Monday, July 20, 2009
Soup Du Jour
I am bringing my self to this world. And rather than letting the world imprint on me how I am acting and how I feel about myself: I am bringing my own special flavor to the world, today. The world is a soup that is not complete without my spice. If I hold back, there is something missing. Like a bland soup calling for that certain something... My contribution makes it yummy.
In the past I have confused the effects of the world for myself. I can bring something good. The bad things are not my fault, nor can I take full credit for the good things.
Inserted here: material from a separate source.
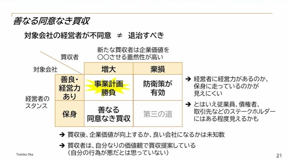従来のM&Aの圧倒的多数は、友好的なM&Aでしたが、近年、「同意なき買収」の成功事例が出初め、アクティビストの活動が活発化しています。1990年代後半の商法改正後、PEファンドの活動量も増大しています。他方、上場企業では「市場から退出する」動きが増えています。本講座では、このような多様化しているM&A取引の動向と、そのM&Aと向き合う際にガバナンスの面からどういう点に留意が必要であるかを解説します。

I became aware of enormous guilt I had been carrying--as if everything was my fault. The world was not my fault--just like the problems of my parents were not my fault when I was growing up. But I sure felt like it was. I thought that everything was my fault--I guess it's common that kids feel this way.
I can't seem to get anything done from that space of being faulted for everything. It's a heavy place. That's a huge burden!
At the same time I also feel a call to responsibility for doing what I can. I am here to make things better. I can bring something good to the world. It's not my fault. So I can offer my helping hands without having to carry all of that heavy baggage. This way, my hands are many times stronger.
Labels:
baggage,
fault,
good,
responsibility
Subscribe to:
Post Comments (Atom)
3 comments:
Good on you Brooks! There should be no self-guilt or blame.
Swami Satyananda was once quoted as saying something like: "What have I done? I was just born, and so there is karma."
And as my own esteemed teacher once said: "Everyone is born when they're born. The result in time and space is what it is".
I just listened to an amazing interview with Bo Lozoff on iHanuman and he speaks to a lot of this -- you might want to check it out.
One thing that stuck out for me is his bit about how we are HERE to help others, and that in doing so, we naturally are balanced. That searching for balance and self-care and all of that is actually self-indulgence to the extreme that only the wealthy can know.
Good stuff.
And I add to Svasti: Gandalf's best line in the Lord of the Rings is when he tells Frodo that it is not ours to question the world into which we are born but to just do the absolute best with the time we are given. (Paraphrasing, of course.)
:)
my heart breaks for your suffering -- but I think your verbalizing the feelings help to break the cycle. For me, I had to make an intellectual decision that I would not indulge the guilt. It took time but I was able to recognize it when it crept in, stop the descent, and turn it around into something that I could rejoice in. Sounds simple now -- a lot of work.